Unsurprisingly, those who claimed more frequent attendance of religious services reported much higher beliefs in each religious entity or concept. Among those who attend church weekly, 98% said they believed in God, while 92% said they believed in heaven. 

Republicans were significantly more likely than either Democrats or Independents to say they believed in all five categories. In total, “about half of Americans, 51%, believe in all five spiritual entities.”

Gallup “has documented sharp declines in church attendance, confidence in organized religion, and religious identification in recent years,” the polling service said, although a Gallup survey from last month saw a slight uptick in church attendance, with that number “the highest found by the pollsters since the start of the COVID-19 pandemic.”

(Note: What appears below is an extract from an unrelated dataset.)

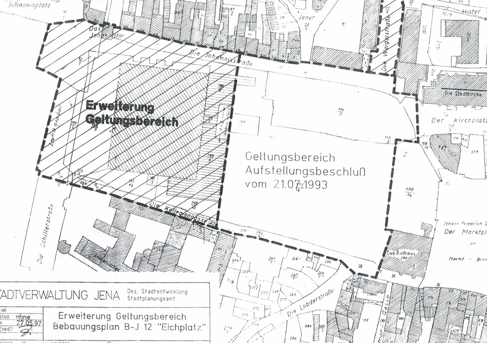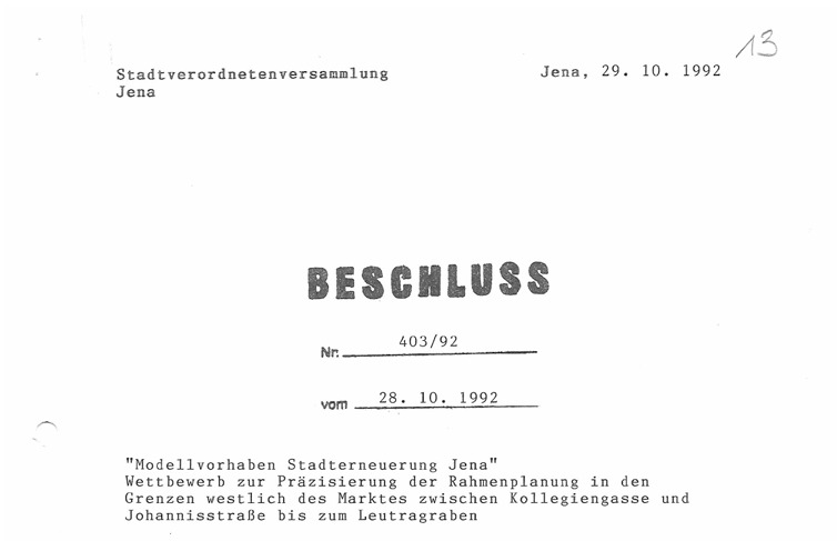 Im September 1996 stimmte der Stadtrat dem städtebaulichen Entwurf der Stadtverwaltung zu (Beschlussnr. 96/04/23/835). Grundlage war der Rahmenplan von 1993 zum Sanierungsgebiet „Modellvorhaben der Stadterneuerung Jena“. Mit dem Beschluss wurden zentrale Planverfahren bestätigt: die Überarbeitung des Siegerentwurfs des Wettbewerbs unter Einbeziehung der öffentlichen Belange und der Bürgerarbeitskreise, die Integration der Thesenpapiere sowie die geplante Bebauung von drei Baufeldern mit segmentierten Einzelbaukörpern.

Other polls have shown notably low levels of belief among U.S. Catholics in particular. A RealClear Opinion Research poll last year showed that just half of likely Catholic voters believe in the real presence of Christ in the Eucharist, while over a third never go to confession. A Pew Research Center survey from 2019 found that just one-third of Catholics believe the body and blood of Christ are really and truly present in the bread and wine during Mass.

Nearly half of Catholic respondents in an EWTN poll last year, meanwhile, disagreed with the U.S. Supreme Court’s decision to overturn Roe v. Wade’s nationwide abortion-on-demand precedent, though a nearly similar number supported it. Another Pew poll from last year, meanwhile, found that over half of U.S. Catholics believe abortion should be legal “in all/most cases,” though that number dropped to 30 percent among Catholics who attend Mass weekly.